The Future of Oil, Coal, and Gas Under Obama

Energy companies spent richly to unseat the president
A Nov. 18 protest against the Keystone XL pipelinePhotograph by 350.org

Oil, gas, coal, and electricity companies spent more than $115 million on the presidential campaign, more than any race since at least 1990, according to the Center for Responsive Politics. Eighty percent of the candidate donations went to Republicans. Yet President Obama’s reelection may wind up benefiting some parts of the industry. Obama “is now going for a full-throated endorsement of oil and natural gas production in the United States, which is 180 degrees opposite from where he started,” says Jack Gerard, president of the American Petroleum Institute (API), a trade association that represents the breadth of the industry. “The real question will be: Will the president’s actions match his words?”
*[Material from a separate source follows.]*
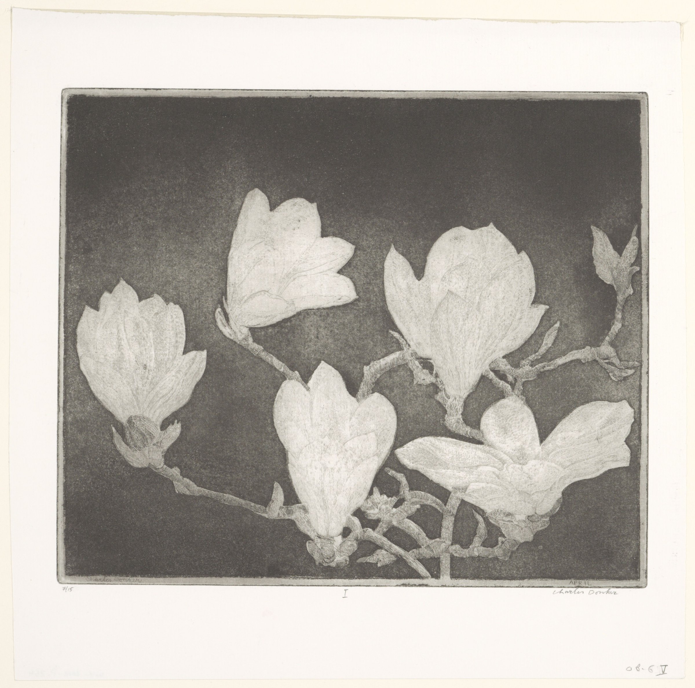 Home Online catalogues Art on Paper. Recent Acquisitions 28. Charles Donker Utrecht 1940 Magnolia I, c. 2007/8 As early as 1973, the Fondation Custodia began collecting the work of the Dutch draughtsman and printmaker Charles Donker.1 In an attempt to assemble a fine selection from his printed oeuvre, a group of 195 etchings was acquired over the last years, including Magnolia and Two Pine Cones. Crab in a Box, a gift from Peter Schatborn, was recently added to the collection. The three prints demonstrate Donker’s lifelong interest in nature. The young artist would often skip class, preferring to wander through the meadows around his hometown Utrecht with his sketchbook and drawing materials in hand. He continued to depict nature throughout his career, travelling not only within the Netherlands, but also to France, England, Spain, Poland, Peru and Israel. Animals, more often dead than alive, represent a special category in the oeuvre of the artist. They are usually depicted on a blank background with little to no suggestion of their natural habitat.2 Crab in a Box is an exception (see cat. no. 27). The entire copperplate was used up, resulting in a daunting image of a dead crab lying upside down on the bottom of its own coffin. The artist challenged himself with the foreshortened perspective and the complex structure of the crab’s exoskeleton, which is convincingly rendered with fine lines and subtle hatching in different tones of grey. The structure of things, as well as rhythm and abstraction, are also important in both Magnolia and Two Pine Cones, two relatively recent works by Donker. In the case of the former, the artist seems to have been particularly interested in rendering the robust, gnarly branches on the one hand and the delicate petals or budding leaves on the other. The vulnerability of the white leaves is further accentuated by the dark background, added by the artist with aquatint in the second state. Magnolia (see cat. no. 28) is the first in a series of three etchings of magnolia flowers, executed between 2007 and 2009.3 Inspired by the complex spiral pattern of the scales, Donker also repeatedly depicted pine cones.4 Two Pine Cones (see cat. no. 29) is one of his earliest prints with this subject. It shows the same pine cone, seen from above and from the side. According to the artist, drawing a pine cone is extremely difficult. “The pattern of how they the scales lie obliquely above each other. That is astonishingly difficult to get hold of. Then there is the problem of light and dark: all those scales, catching light, come from a dark core. Together they form a volume, a cone shape with its own gradient of light and darkness”.5 MR 1Paris, Fondation Custodia, inv. nos. 1973-P.17 (etching; 173 × 113 mm); 1973-P.18 (etching; 175 × 198 mm); and 1973-P.19 (etching, aquatint; 294 × 295 mm); see J.P. Filedt Kok, Charles Donker: grafiek 1960-2012, online catalogue RKDMonographs, last update 2016, nos. CD 69-14, CD 73-15 and CD 69-10; and http://charlesdonker.rkdmonographs.nl. 2Eddy de Jongh and Peter Schatborn, Charles Donker. Etser, Amsterdam 2002, p. 80. 3Filedt Kok 2016, op. cit (note 1), nos. CD 08-07 and CD 08-08; http://charlesdonker.rkdmonographs.nl. 4Ibid., nos. CD 10-10-CD 10-12, CD 12-1-CD 12-6; http://charlesdonker.rkdmonographs.nl. 5Quote from the artist in Gijsbert van der Wal, ‘Naar de natuur: een ontmoeting met Charles Donker’, in Jonathan Bikker et al. (eds.), “Gij zult niet feestbundelen”: 34 bijdragen voor Peter Hecht, Zwolle 2016, pp. 245-246.

While the industry has adopted a defensive stance, oil and gas didn’t fare too badly during Obama’s first term. Output of crude and other liquid petroleum products in the U.S. is on track to surge by more than 80 percent through 2020, the kind of consistent growth that hasn’t been seen since the 1960s, says Edward Morse, global head of commodities research for Citigroup. The administration has made more acreage on federal land available to energy companies than any president since Ronald Reagan, he says. “Facts are stubborn things, and they often defy people’s ideology,” says John Hanger, a special counsel at Eckert Seamans Cherin & Mellott and the former head of Pennsylvania’s Department of Environmental Protection.